A Irmã Helena Queijo quando chegou ao Haiti, em 2016, teve um choque. Parecia que estava a fazer uma viagem no tempo, de regresso ao longínquo ano de 1975 quando veio com os pais e os irmãos de Angola, juntamente com milhares de outros portugueses que fugiram face aos tumultos que já adivinhavam os tempos da longa guerra civil que estava então a começar após a independência deste país africano.

Quando a irmã, então ainda uma criança de 10 anos, chegou à aldeia dos pais, em Trás-os-Montes, deparou-se com uma realidade que desconhecia, um mundo atrasado, rural, onde não havia electricidade nem água canalizada, nem esgotos, nem casas de banho. Ela vinha de uma Angola então muito mais desenvolvida e moderna. Ficou chocada com Portugal de então, ainda muito subdesenvolvido, sem imaginar que muitos anos depois, já adulta, iria deparar-se com essa mesma realidade na região de Jacmel, no Haiti.

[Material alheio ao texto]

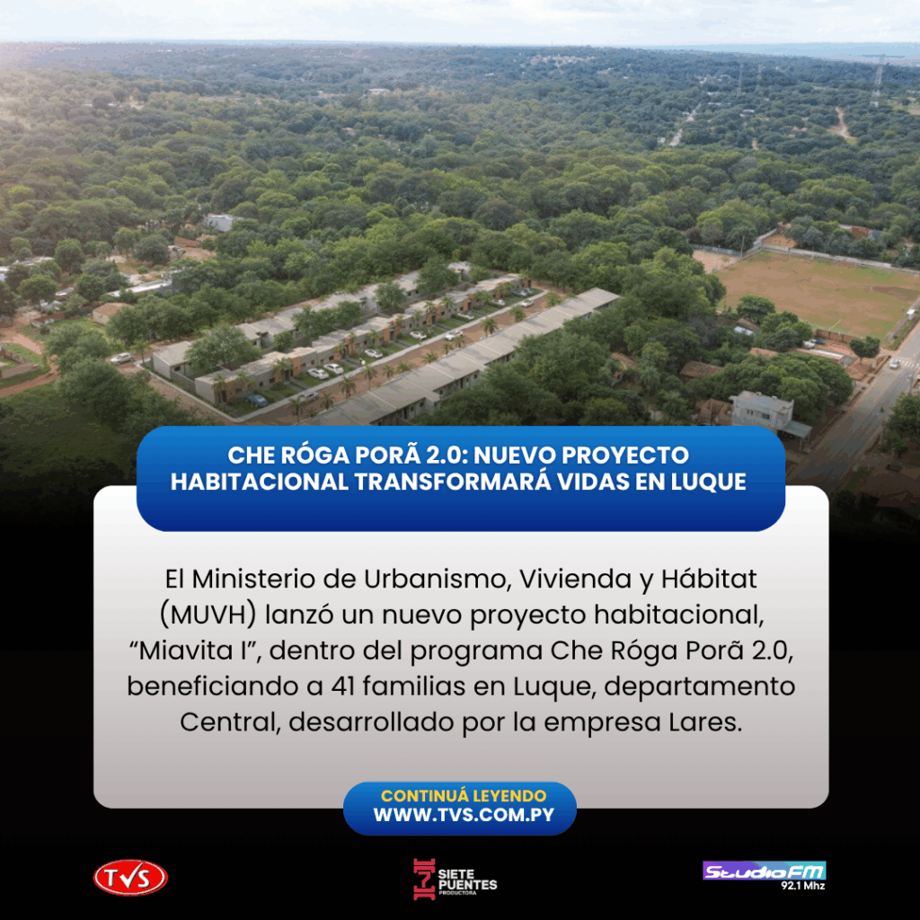 Asunción, 26 de julio de 2025 – El Ministerio de Urbanismo, Vivienda y Hábitat (MUVH) dio un paso más hacia la promoción del acceso a la vivienda digna con el lanzamiento de un nuevo proyecto habitacional en el marco del programa Che Róga Porã 2.0. Esta iniciativa beneficiará a 41 familias en la ciudad de Luque, departamento Central, con la construcción del complejo “Miavita I”, desarrollado por la empresa Lares.

Na Diocese onde a irmã esteve nove anos em missão, as pessoas vivem com medo da fome. A agricultura é de subsistência e tudo depende da chuva. Quando os tempos são de seca, falta a comida e falta quase tudo. Por ali, tal como acontecia na aldeia de Trás-os Montes, não há água canalizada, não há esgotos, nem electricidade. Os fogões são a carvão e lenha, e falta também muitas vezes o gás e a gasolina… As irmãs têm uns painéis solares e isso faz, por ali, toda a diferença, pois permite que tenham uma arca frigorífica, essencial para a conservação de alguns alimentos.

PRATELEIRAS QUASE VAZIAS

Por ali, todos se ajudam mutuamente e assim conseguem escapar à fome. Mas, mesmo assim, é difícil. E são muitos os que, em maior aperto, vão montanha acima até à casa das irmãs, para lhes bater à porta pedindo ajuda, pedindo um naco de comida, alguma coisa… “Se a chuva não vem, começa a sentir-se que o povo não tem o que comer. E sentimos que as pessoas vêm mais pedir à nossa casa. Vêm pedir um bocado de arroz, um bocado de feijão. Todas as pessoas que batem à porta a pedir qualquer coisa, nunca vão de mãos vazias. Mesmo que seja só um bocadinho, porque não podemos dar tudo. Também temos que partilhar com os outros”, explica a irmã.

Muitas vezes, há meses mais difíceis, em que as prateleiras estão quase vazias e não há praticamente nada em lado nenhum. Até que chega o mês de Abril e com ele as primeiras mangas. É a natureza na sua exuberância, a salvar a situação. As mangueiras enchem-se de frutos e as pessoas ficam aliviadas. “Nunca esqueci a expressão duma pessoa que dizia muitas vezes: ‘agora já não há fome, já há mangas para comer’…”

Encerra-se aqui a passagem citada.